Beam-beam simulation code BBSIM for particle accelerators

TL;DR

This paper introduces BBSIM, a highly efficient, parallelized simulation code for modeling beam-beam interactions in particle accelerators, incorporating various force calculation methods and applied to real collider scenarios.

Contribution

It presents a novel, comprehensive simulation tool that combines multiple force calculation techniques for accurate beam-beam interaction modeling in high energy colliders.

Findings

Validated BBSIM against Fermilab Tevatron measurements.

Demonstrated effectiveness of wire and electron beam compensation schemes.
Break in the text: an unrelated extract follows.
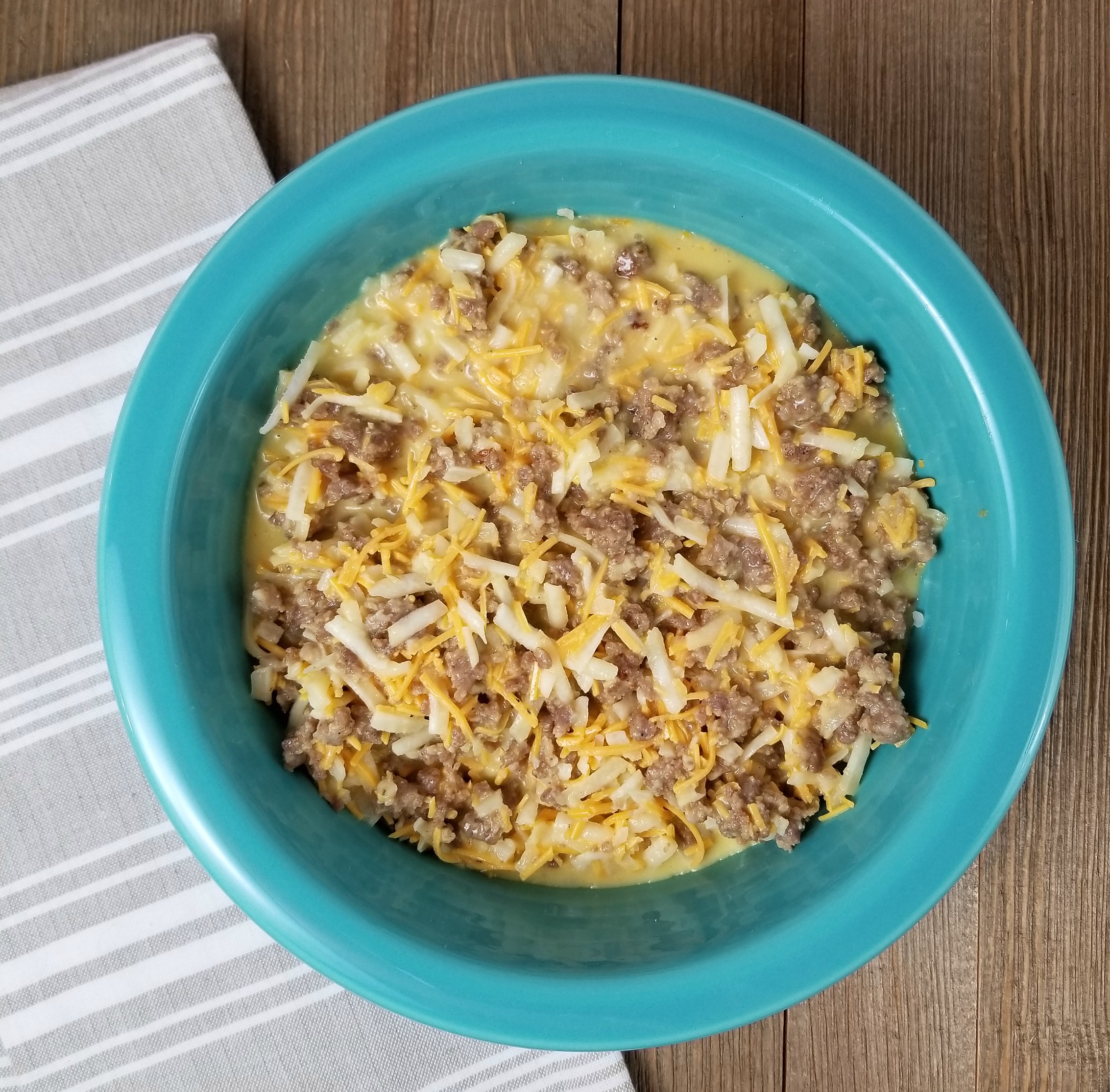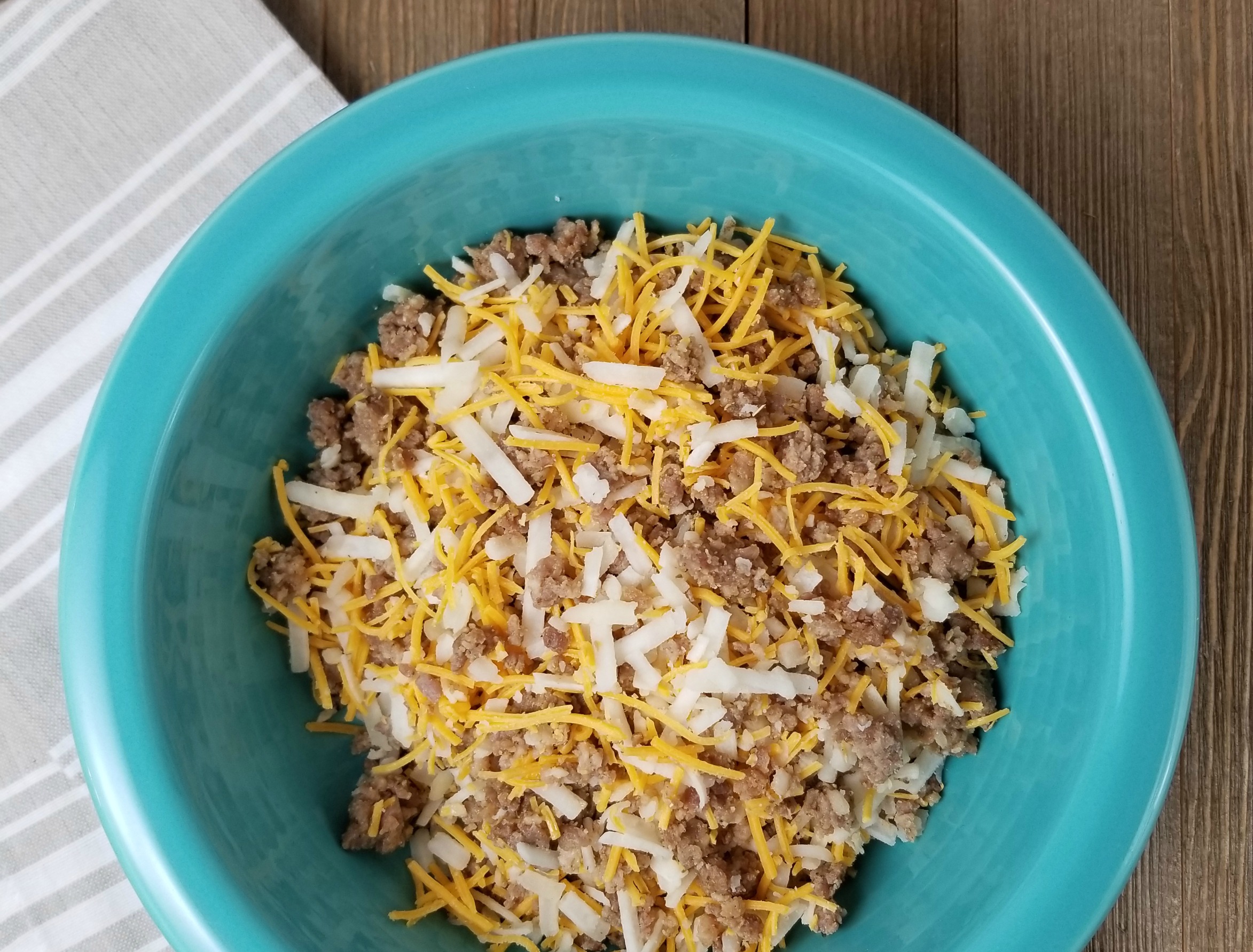 2) Mix hashbrowns, sausage crumbles, cheese, and seasonings.

Achieved efficient parallel performance in large-scale simulations.

Abstract

A highly efficient, fully parallelized, six-dimensional tracking model for simulating interactions of colliding hadron beams in high energy ring colliders and simulating schemes for mitigating their effects is described. The model uses the weak-strong approximation for calculating the head-on interactions when the test beam has lower intensity than the other beam, a look-up table for the efficient calculation of long-range beam-beam forces, and a self-consistent Poisson solver when both beams have comparable intensities. A performance test of the model in a parallel environment is presented. The code is used to calculate beam emittance and beam loss in the Tevatron at Fermilab and compared with measurements. We also present results from the studies of two schemes proposed to compensate the beam-beam interactions: a) the compensation of long-range interactions in the Relativistic Heavy Ion Collider (RHIC) at Brookhaven and the Large Hadron Collider (LHC) at CERN with a current-carrying wire, b) the use of a low energy electron beam to compensate the head-on interactions in RHIC.